MATERIAL FOR THIS TASK section start
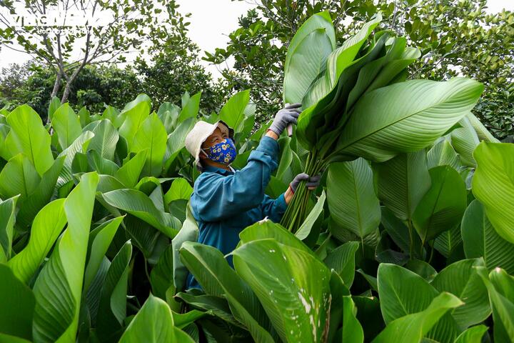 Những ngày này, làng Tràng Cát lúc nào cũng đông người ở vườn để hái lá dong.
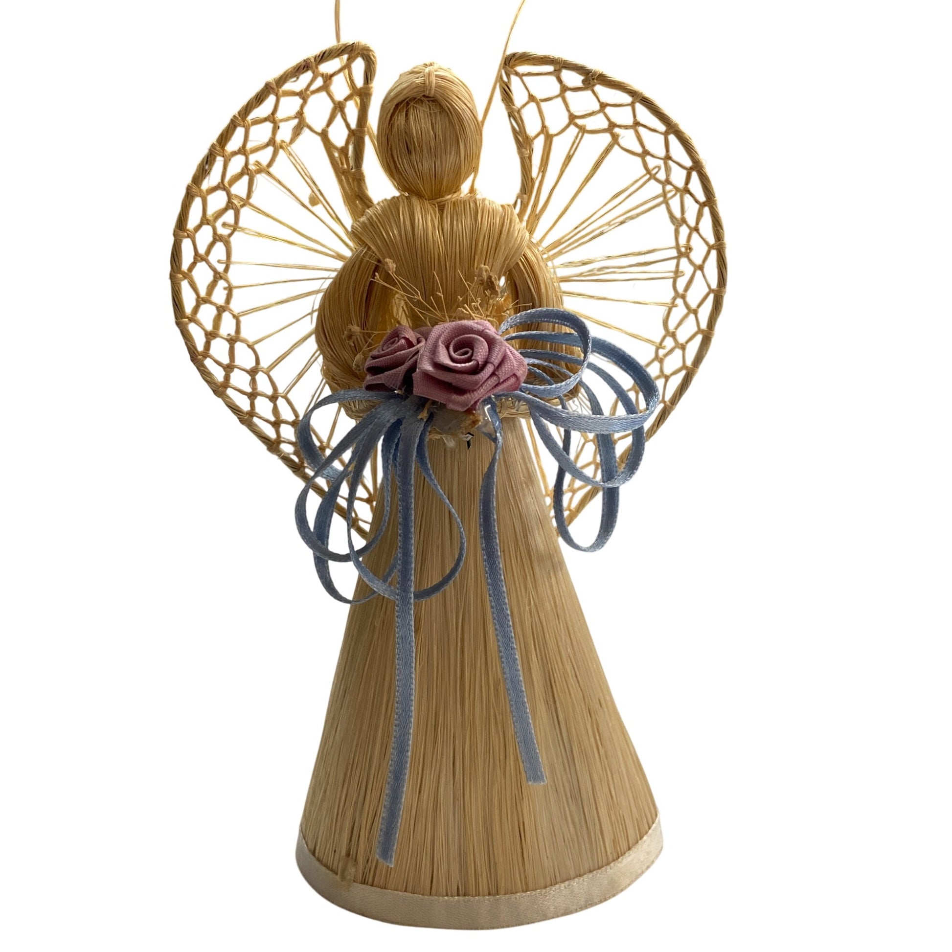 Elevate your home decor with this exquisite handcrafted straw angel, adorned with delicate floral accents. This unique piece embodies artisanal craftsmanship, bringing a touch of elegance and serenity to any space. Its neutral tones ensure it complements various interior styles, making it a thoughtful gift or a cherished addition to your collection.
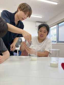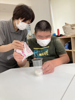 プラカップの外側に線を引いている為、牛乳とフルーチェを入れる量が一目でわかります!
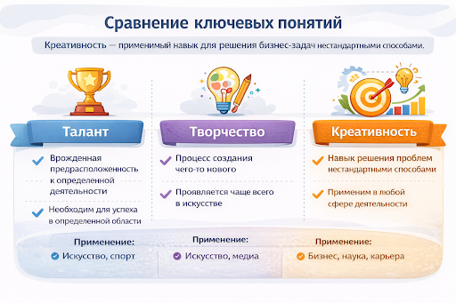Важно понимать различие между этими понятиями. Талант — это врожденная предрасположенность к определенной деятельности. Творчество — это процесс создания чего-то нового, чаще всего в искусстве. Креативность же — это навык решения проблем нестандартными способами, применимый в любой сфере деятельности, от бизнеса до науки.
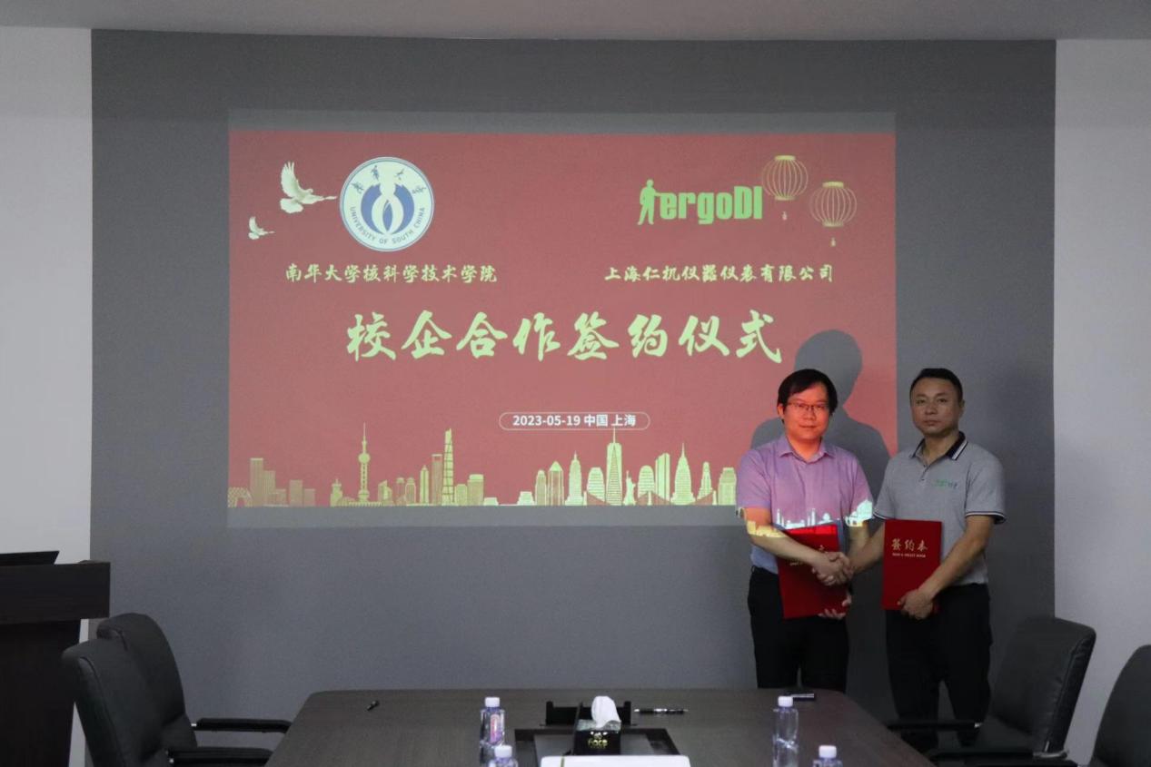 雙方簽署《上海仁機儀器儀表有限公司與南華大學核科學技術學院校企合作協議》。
MATERIAL FOR THIS TASK section end
MATERIAL FOR THIS TASK section start
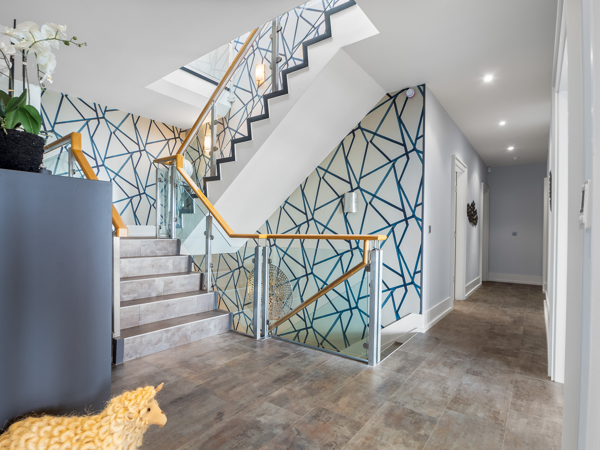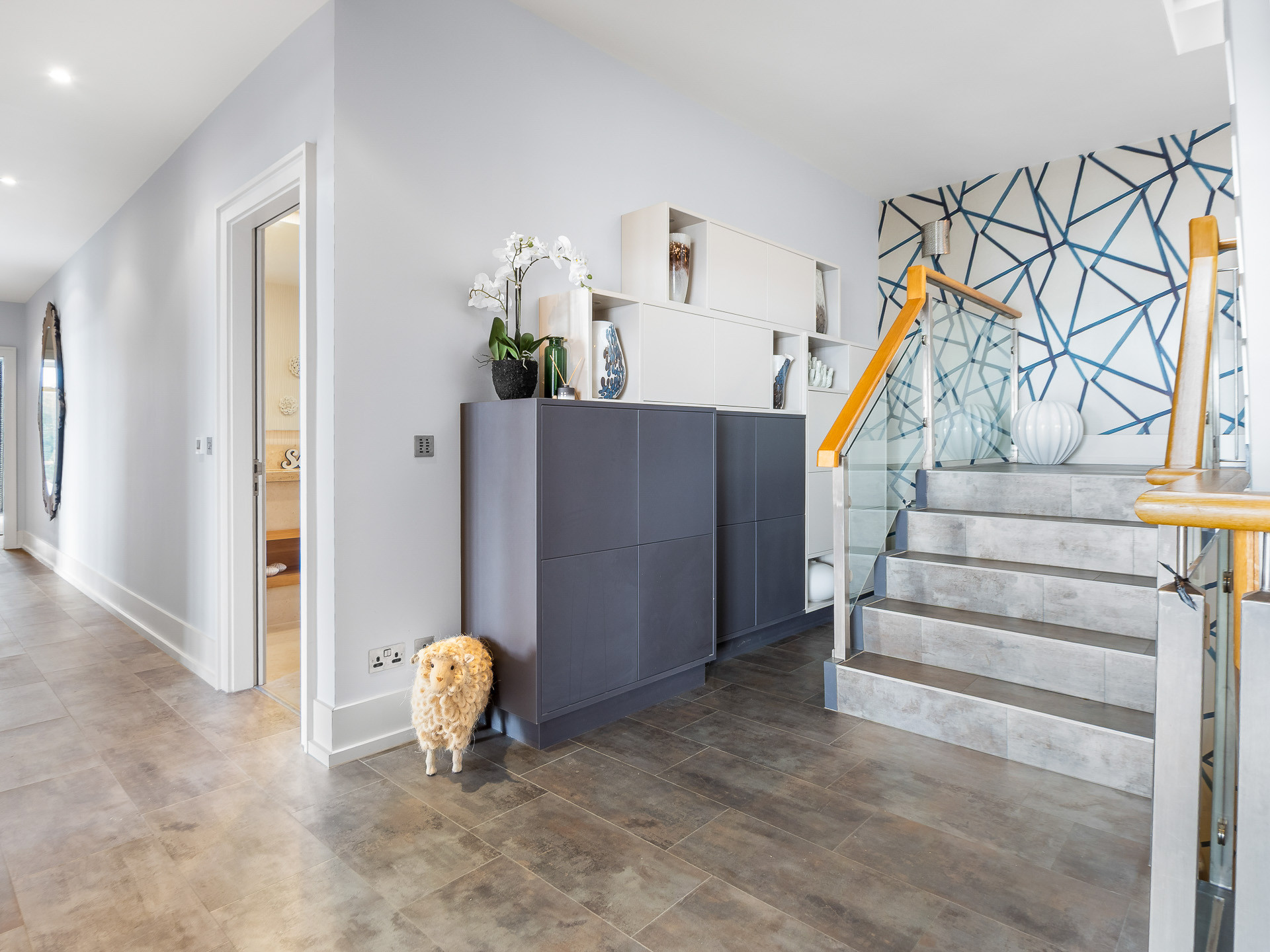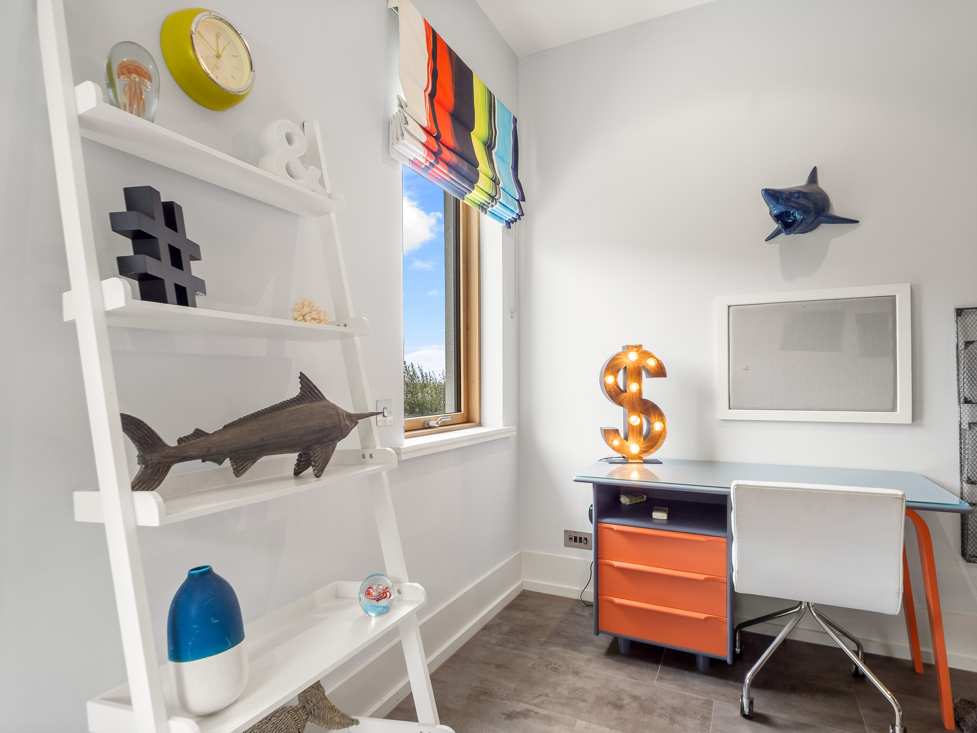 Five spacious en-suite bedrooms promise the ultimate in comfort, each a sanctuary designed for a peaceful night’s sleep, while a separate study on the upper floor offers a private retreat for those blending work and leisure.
MATERIAL FOR THIS TASK section end
MATERIAL FOR THIS TASK section start
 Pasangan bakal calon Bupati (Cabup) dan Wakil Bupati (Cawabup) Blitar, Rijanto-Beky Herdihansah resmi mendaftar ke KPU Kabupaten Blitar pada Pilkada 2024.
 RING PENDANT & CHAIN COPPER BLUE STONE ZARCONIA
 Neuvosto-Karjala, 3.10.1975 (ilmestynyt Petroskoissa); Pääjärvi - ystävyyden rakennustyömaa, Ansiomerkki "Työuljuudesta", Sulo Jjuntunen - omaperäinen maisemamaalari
MATERIAL FOR THIS TASK section end
▸ WORK ITEM
Write out again exactly the lines above from the one with "Những ngày này, làng" through the one with "プラカップの外側に線を引いて", adding no other lines and no pictures.

▸ RESPONSE
 Những ngày này, làng Tràng Cát lúc nào cũng đông người ở vườn để hái lá dong.
 Elevate your home decor with this exquisite handcrafted straw angel, adorned with delicate floral accents. This unique piece embodies artisanal craftsmanship, bringing a touch of elegance and serenity to any space. Its neutral tones ensure it complements various interior styles, making it a thoughtful gift or a cherished addition to your collection.
 プラカップの外側に線を引いている為、牛乳とフルーチェを入れる量が一目でわかります!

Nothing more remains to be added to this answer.